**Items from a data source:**
· · · · · · ·

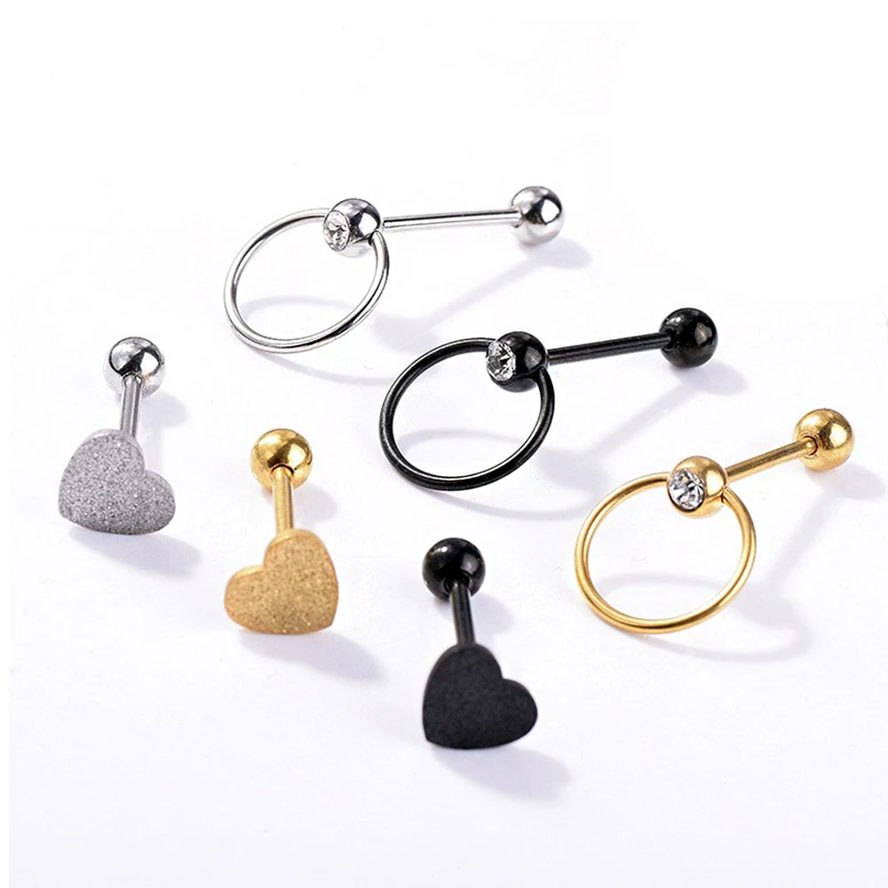 Кольцо из нержавеющей стали для пирсинга губ и носа, сердечный язык...
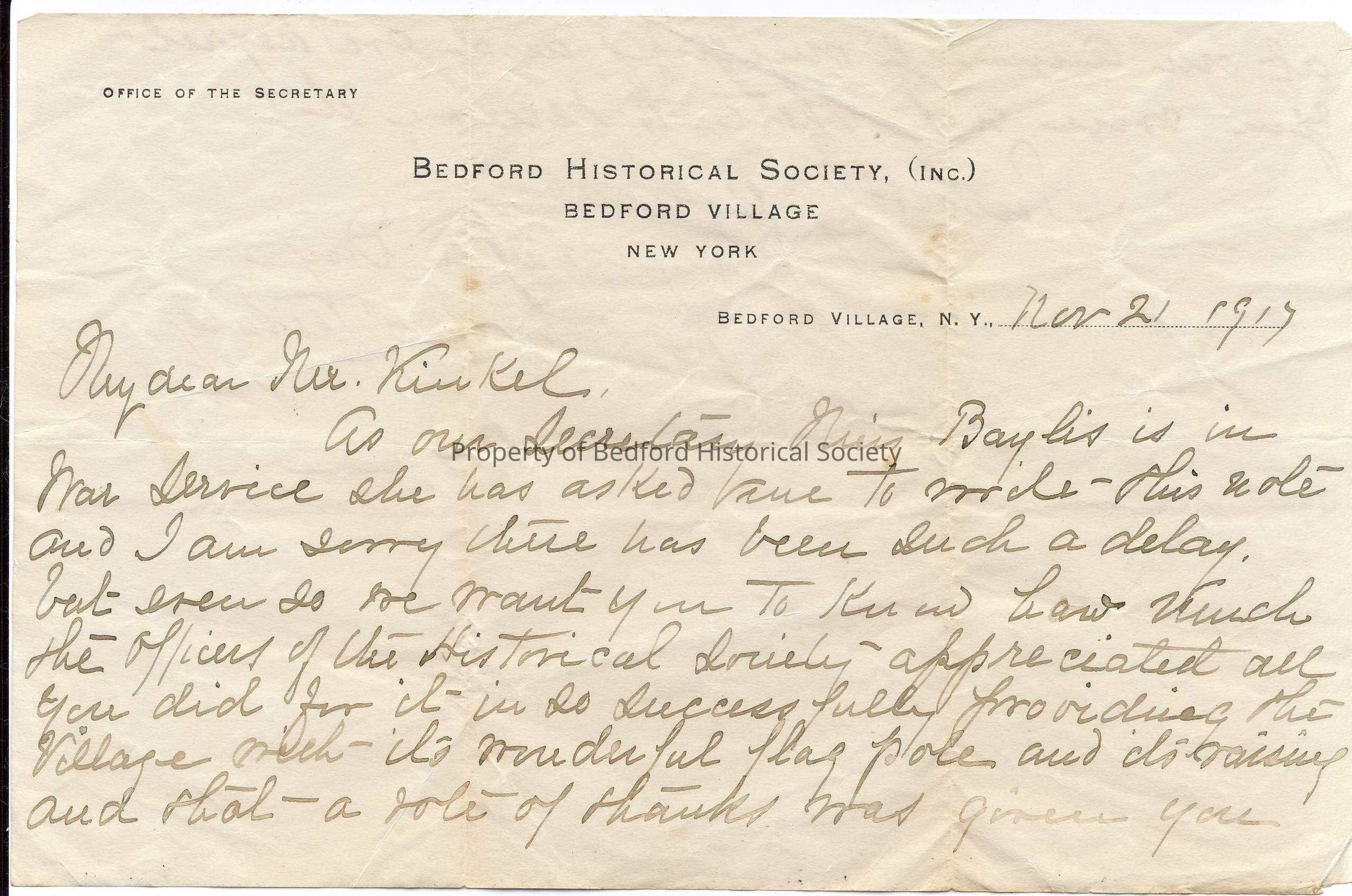Letter to Mr. Kinkel from Bedford Historical Society relating to gift of flag for the Green, 1917
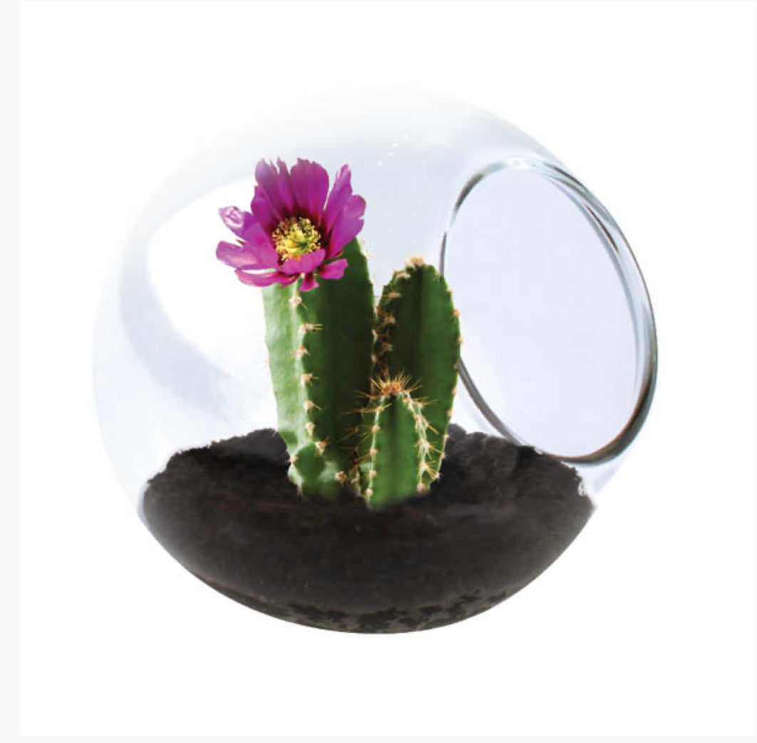 Introducing DuneCraft's new addition to their glass line, the Tiny Terrarium. A wonderfully tiny glass terrarium that is perfect for any spot you can find. Only 1.5 inches wide and as charming as can be! Tiny Terrariums are a vibrant, unique way to inject a little greenery into any space. The cactus will thrive as it conforms to the size of the terrarium. Cacti are easy to grow and require little water. Best result will form when placed in bright, indirect light or full sun.
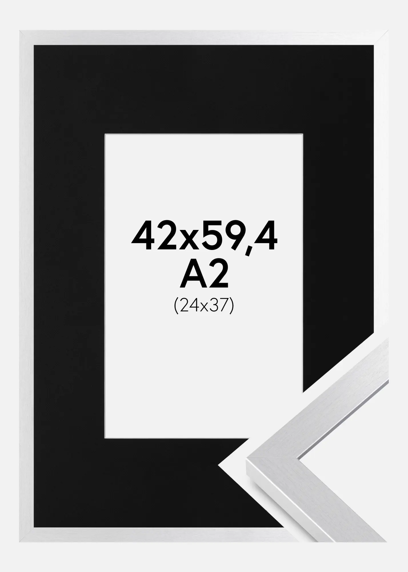 Ram Selection Silver 42x59,4 cm (A2) - Passepartout Svart 25x38 cm
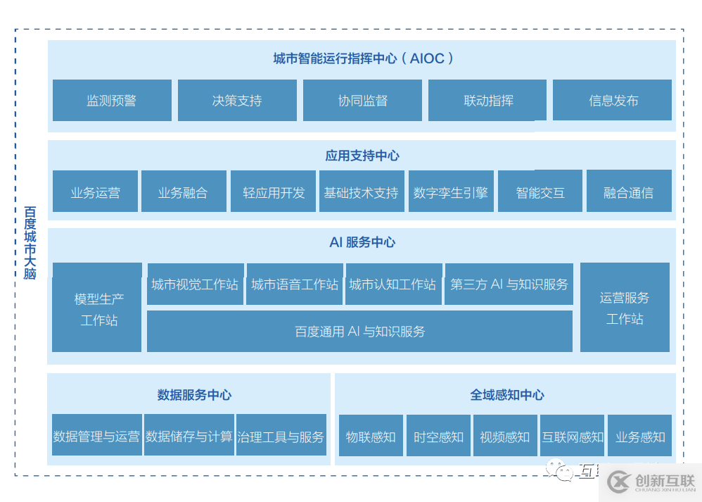 百度依托自主可控的 AI 支撐技術(shù)、海量多模態(tài)數(shù)據(jù)匯集與處理能力、開(kāi)放平臺(tái)生態(tài)體系等方面 核心優(yōu)勢(shì),構(gòu)建包含全域感知中心、數(shù)據(jù)服務(wù)中心、AI 服務(wù)中心、應(yīng)用支撐中心及城市智能運(yùn) 行指揮中心(AIOC)等五項(xiàng)內(nèi)容的城市大腦,實(shí)現(xiàn)城市全時(shí)空要素立體感知、全流程數(shù)據(jù)安全 共享、全方位 AI 能力共用、全業(yè)務(wù)系統(tǒng)應(yīng)用支撐、全場(chǎng)景智能協(xié)同指揮。

· · · · · · ·

Leave the pictures out and output all of the data verbatim.

 Кольцо из нержавеющей стали для пирсинга губ и носа, сердечный язык...
Letter to Mr. Kinkel from Bedford Historical Society relating to gift of flag for the Green, 1917
 Introducing DuneCraft's new addition to their glass line, the Tiny Terrarium. A wonderfully tiny glass terrarium that is perfect for any spot you can find. Only 1.5 inches wide and as charming as can be! Tiny Terrariums are a vibrant, unique way to inject a little greenery into any space. The cactus will thrive as it conforms to the size of the terrarium. Cacti are easy to grow and require little water. Best result will form when placed in bright, indirect light or full sun.
 Ram Selection Silver 42x59,4 cm (A2) - Passepartout Svart 25x38 cm
 百度依托自主可控的 AI 支撐技術(shù)、海量多模態(tài)數(shù)據(jù)匯集與處理能力、開(kāi)放平臺(tái)生態(tài)體系等方面 核心優(yōu)勢(shì),構(gòu)建包含全域感知中心、數(shù)據(jù)服務(wù)中心、AI 服務(wù)中心、應(yīng)用支撐中心及城市智能運(yùn) 行指揮中心(AIOC)等五項(xiàng)內(nèi)容的城市大腦,實(shí)現(xiàn)城市全時(shí)空要素立體感知、全流程數(shù)據(jù)安全 共享、全方位 AI 能力共用、全業(yè)務(wù)系統(tǒng)應(yīng)用支撐、全場(chǎng)景智能協(xié)同指揮。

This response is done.